[Task description]
Reproduce, word for word, the lines in the material below starting with the one that has "Flugzeuge Zivil Condor" and going on through the one that has "3.4.5歳児クラスの子ども達は、大判オセロやデカパン競争を楽しみました。". Leave out all pictures.

[Information supplied]
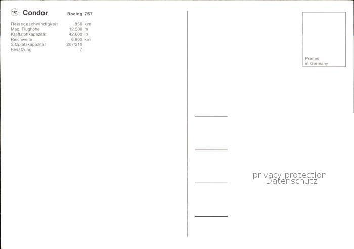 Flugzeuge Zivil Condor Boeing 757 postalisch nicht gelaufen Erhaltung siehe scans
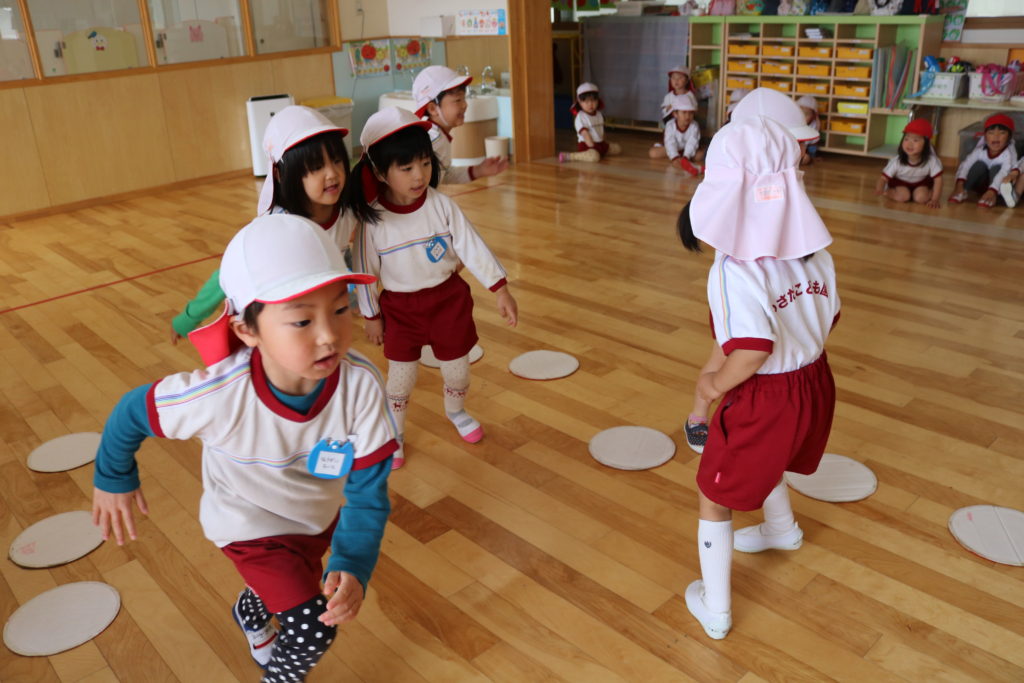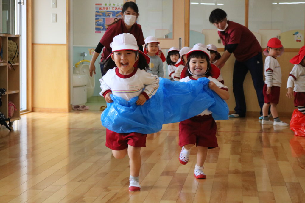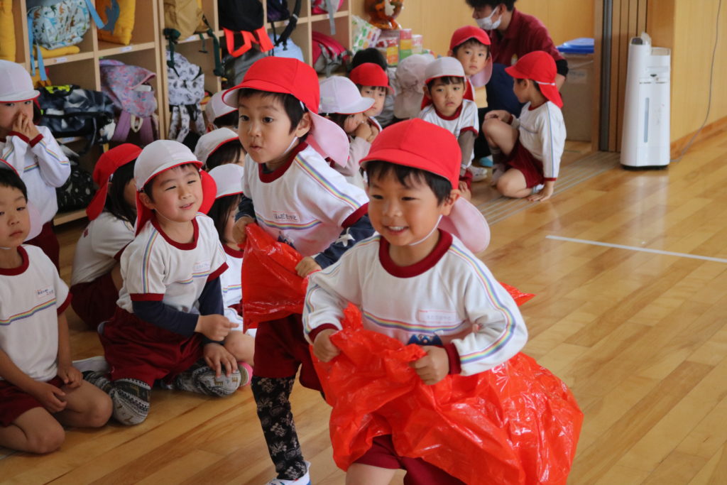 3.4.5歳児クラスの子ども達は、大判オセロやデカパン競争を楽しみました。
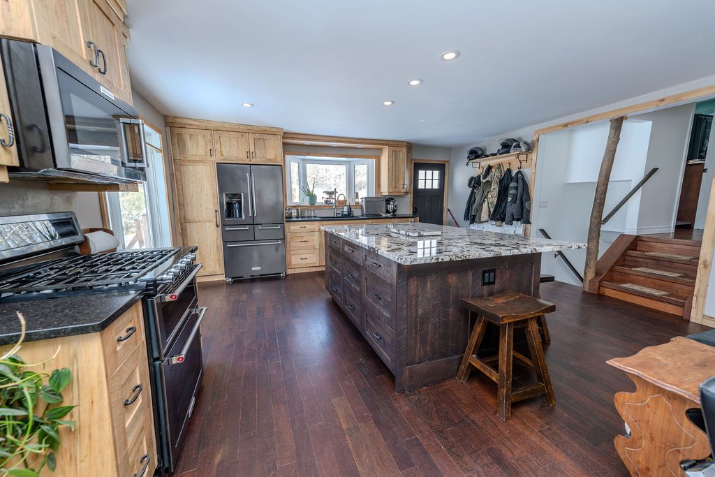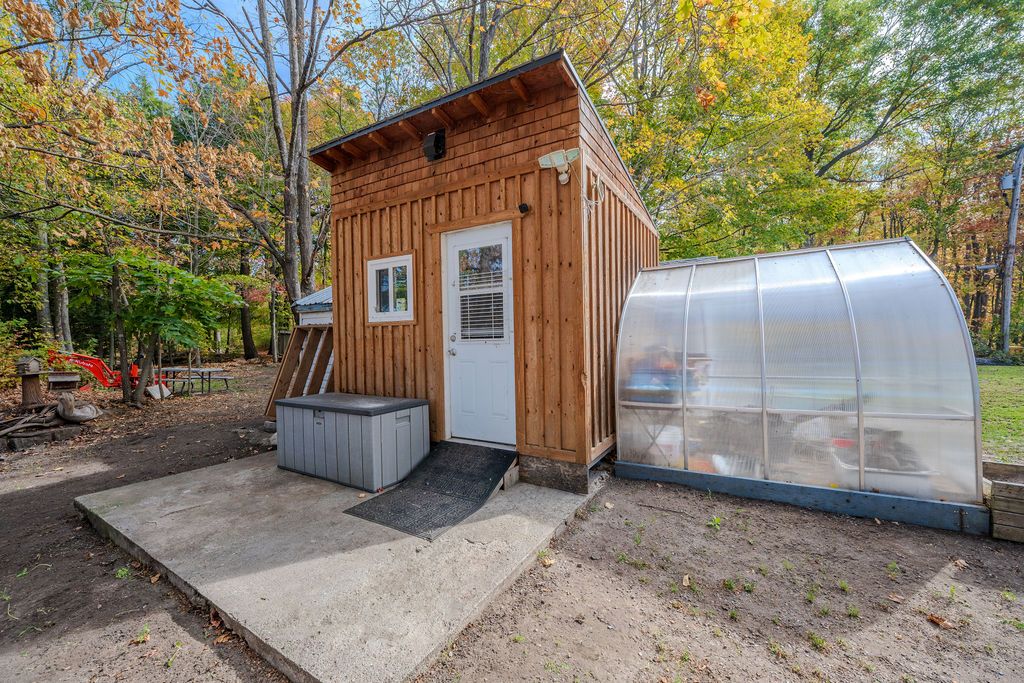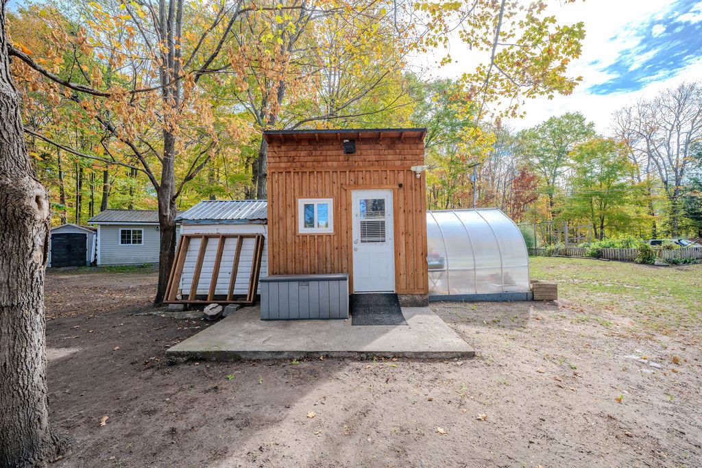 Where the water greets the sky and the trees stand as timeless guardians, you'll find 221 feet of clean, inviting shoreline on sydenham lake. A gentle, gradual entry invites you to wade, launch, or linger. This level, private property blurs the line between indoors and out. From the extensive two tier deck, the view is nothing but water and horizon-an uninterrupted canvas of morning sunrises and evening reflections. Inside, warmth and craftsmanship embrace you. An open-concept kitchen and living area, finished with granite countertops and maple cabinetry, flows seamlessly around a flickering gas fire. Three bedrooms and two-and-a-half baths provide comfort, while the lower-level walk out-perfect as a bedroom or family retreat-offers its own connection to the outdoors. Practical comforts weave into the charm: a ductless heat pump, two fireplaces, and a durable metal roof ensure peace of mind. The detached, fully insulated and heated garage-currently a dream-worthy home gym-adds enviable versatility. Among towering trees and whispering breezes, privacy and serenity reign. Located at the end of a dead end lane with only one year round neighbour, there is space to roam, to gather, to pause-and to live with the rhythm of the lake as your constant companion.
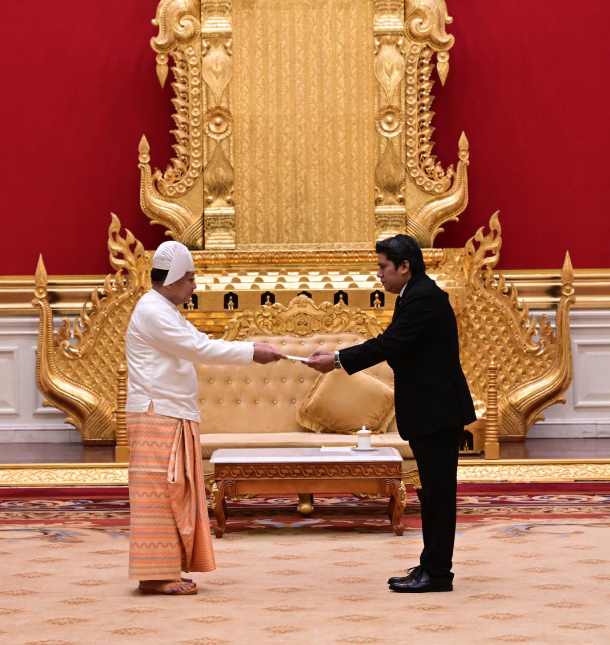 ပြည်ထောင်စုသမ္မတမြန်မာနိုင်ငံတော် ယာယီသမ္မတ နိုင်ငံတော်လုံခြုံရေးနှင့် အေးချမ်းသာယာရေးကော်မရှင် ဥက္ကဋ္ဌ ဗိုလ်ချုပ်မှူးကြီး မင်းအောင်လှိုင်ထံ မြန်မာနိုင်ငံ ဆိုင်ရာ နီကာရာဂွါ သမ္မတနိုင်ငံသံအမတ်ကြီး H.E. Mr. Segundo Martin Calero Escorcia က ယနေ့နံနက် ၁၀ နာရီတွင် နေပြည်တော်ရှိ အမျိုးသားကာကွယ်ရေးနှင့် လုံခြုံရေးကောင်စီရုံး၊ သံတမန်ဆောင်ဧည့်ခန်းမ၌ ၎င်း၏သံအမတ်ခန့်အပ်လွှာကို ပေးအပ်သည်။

==

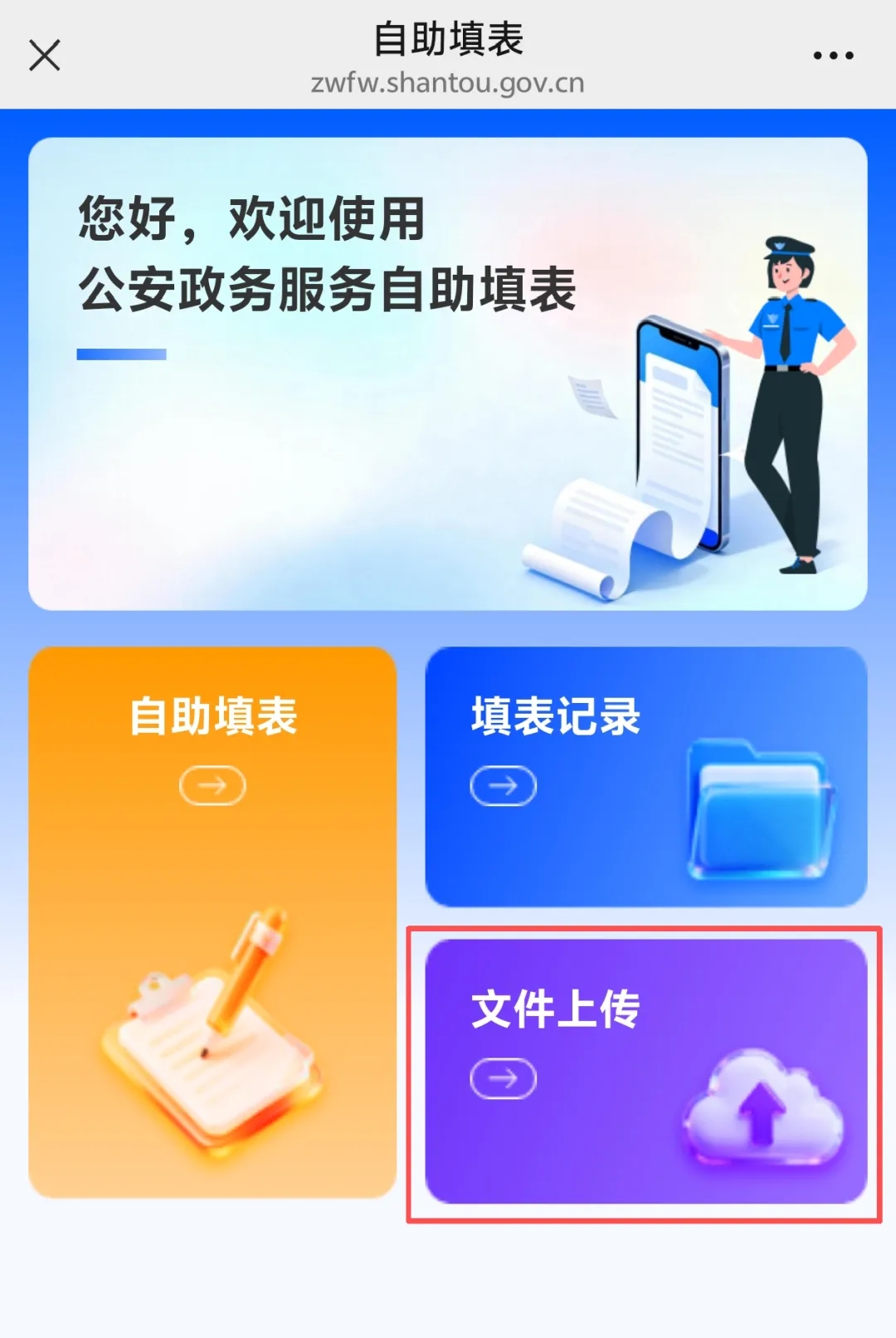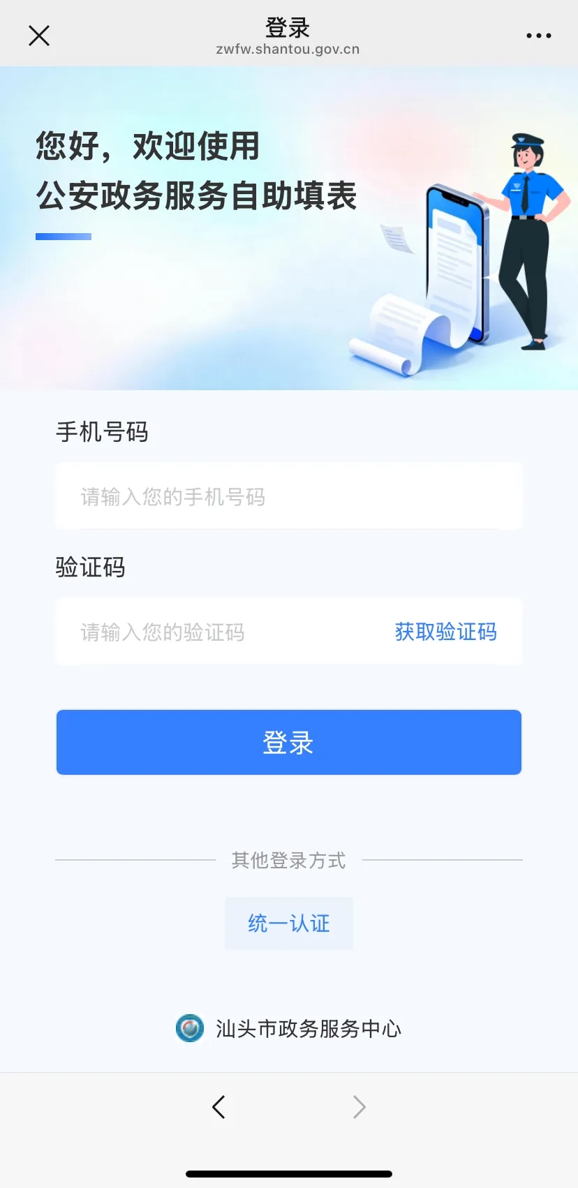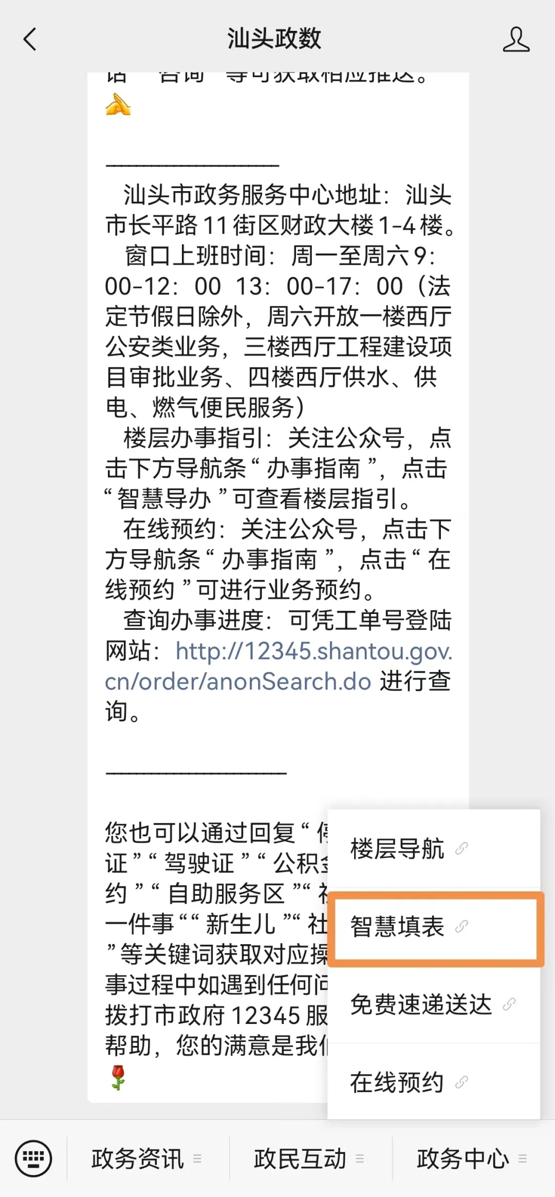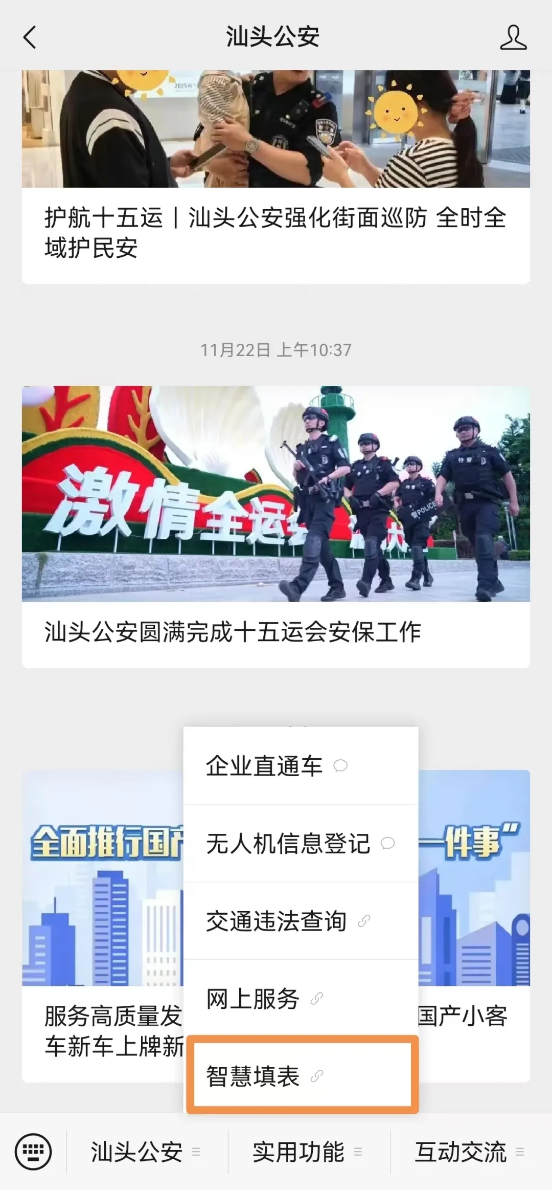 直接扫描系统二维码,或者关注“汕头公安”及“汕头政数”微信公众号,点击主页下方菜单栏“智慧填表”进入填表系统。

...

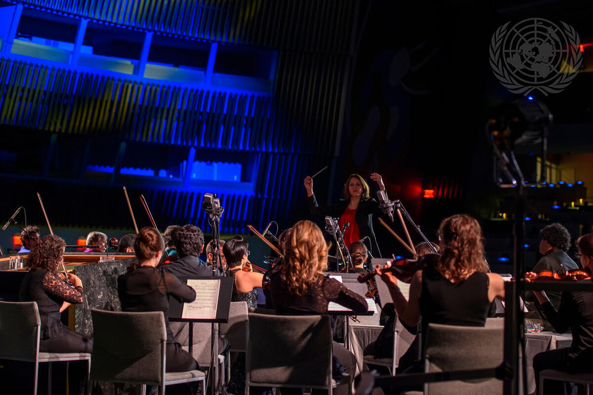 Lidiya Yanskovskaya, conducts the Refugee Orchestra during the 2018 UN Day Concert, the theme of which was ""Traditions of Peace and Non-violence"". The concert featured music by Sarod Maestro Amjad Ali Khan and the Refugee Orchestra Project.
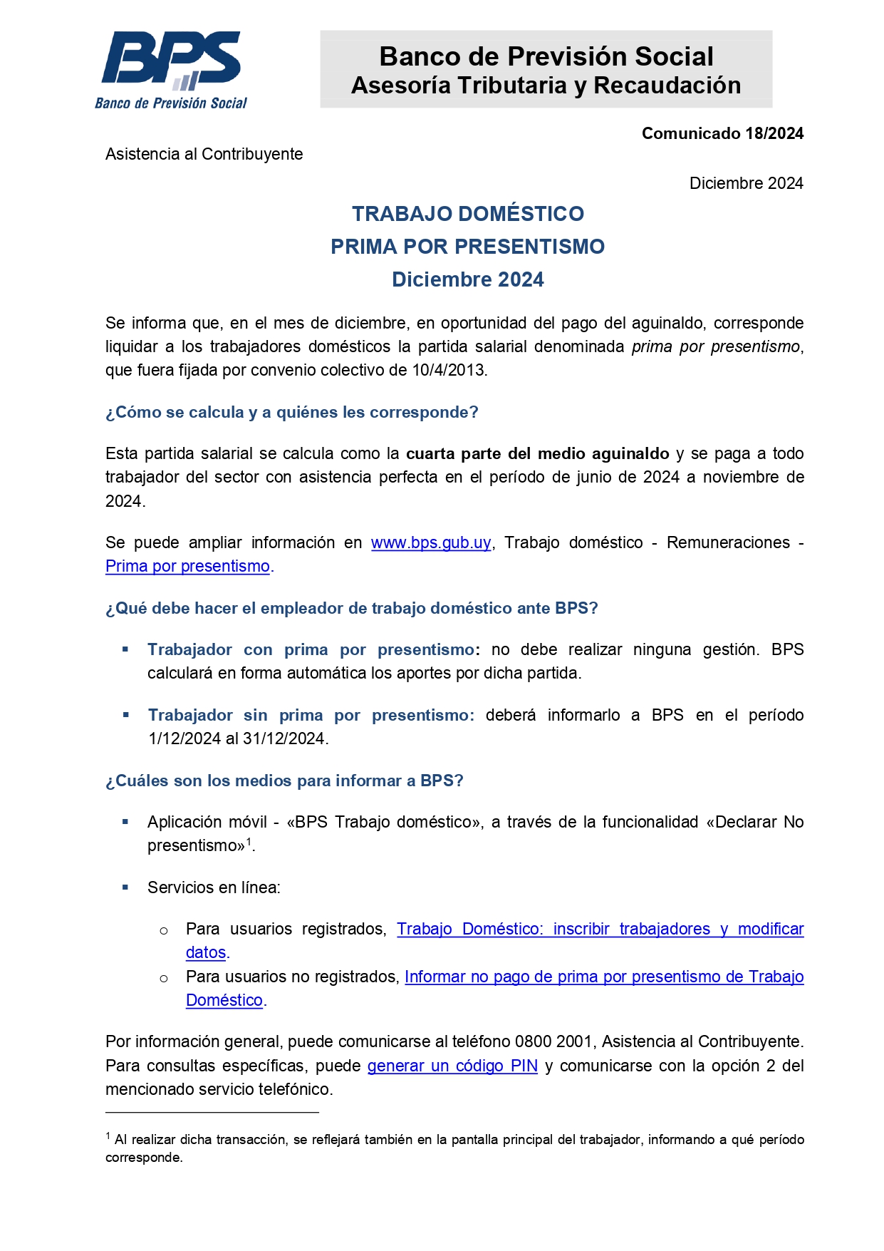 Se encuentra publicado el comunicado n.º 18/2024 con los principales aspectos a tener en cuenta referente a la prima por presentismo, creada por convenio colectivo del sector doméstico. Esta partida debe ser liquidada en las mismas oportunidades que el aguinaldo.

[Expected output]
 Flugzeuge Zivil Condor Boeing 757 postalisch nicht gelaufen Erhaltung siehe scans
 3.4.5歳児クラスの子ども達は、大判オセロやデカパン競争を楽しみました。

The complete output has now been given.